WORK INSTRUCTION:
Reproduce exactly the span of lines beginning at the one with "Foto 48 e 49: camera" and ending at the last line of the data below, omitting pictures.

Segment Start: MATERIALS PROVIDED

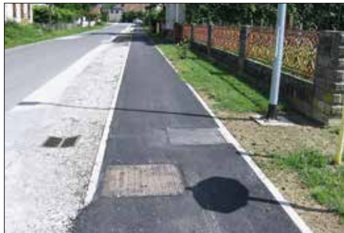
Pločnik v Kolodvorski ulici
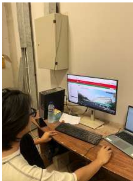
Gambar 2. 3 Grapchic dan Program BAS
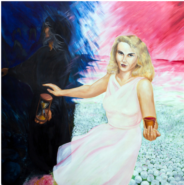
«День и Ночь»
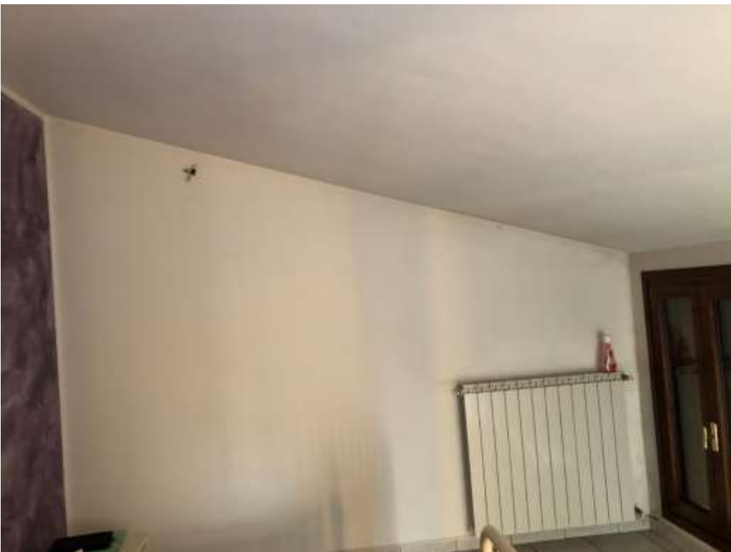
Foto 48 e 49: camera da letto ad ovest con fenomeni di umidità sulle pareti
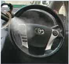
ハンドルも濡らさず 除菌、抗菌
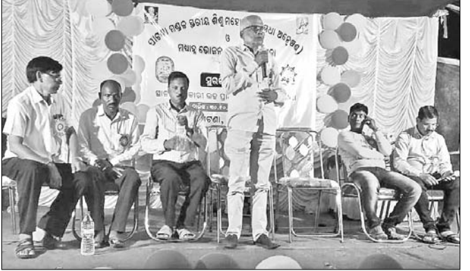
ସୁରଭି କାର୍ଯ୍ୟକ୍ରମରେ ଉପସ୍ଥିତ ଅତିଥି।

ପାଟଣା, ୩୧।୧୦(ସ.ପ୍ର.) ପରିସରରେ ବୁଧବାର ସନ୍ଧ୍ୟାରେ କୁଳ ସୁରଭି ଶିଶୁମହୋତ୍ସବ ସୁରଭିକାର୍ଯ୍ୟକ୍ରମ ୨୯୧୯ ଅନୁଷ୍ଠିତ ହୋଇଯାଇଛି। ଏଥିରେ ପାଟଣା ବ୍ଲକ୍ ଅଧୀନରେ ଥିବା

Segment End: MATERIALS PROVIDED

ANSWER BOX:
Foto 48 e 49: camera da letto ad ovest con fenomeni di umidità sulle pareti
ハンドルも濡らさず 除菌、抗菌
ସୁରଭି କାର୍ଯ୍ୟକ୍ରମରେ ଉପସ୍ଥିତ ଅତିଥି।

ପାଟଣା, ୩୧।୧୦(ସ.ପ୍ର.) ପରିସରରେ ବୁଧବାର ସନ୍ଧ୍ୟାରେ କୁଳ ସୁରଭି ଶିଶୁମହୋତ୍ସବ ସୁରଭିକାର୍ଯ୍ୟକ୍ରମ ୨୯୧୯ ଅନୁଷ୍ଠିତ ହୋଇଯାଇଛି। ଏଥିରେ ପାଟଣା ବ୍ଲକ୍ ଅଧୀନରେ ଥିବା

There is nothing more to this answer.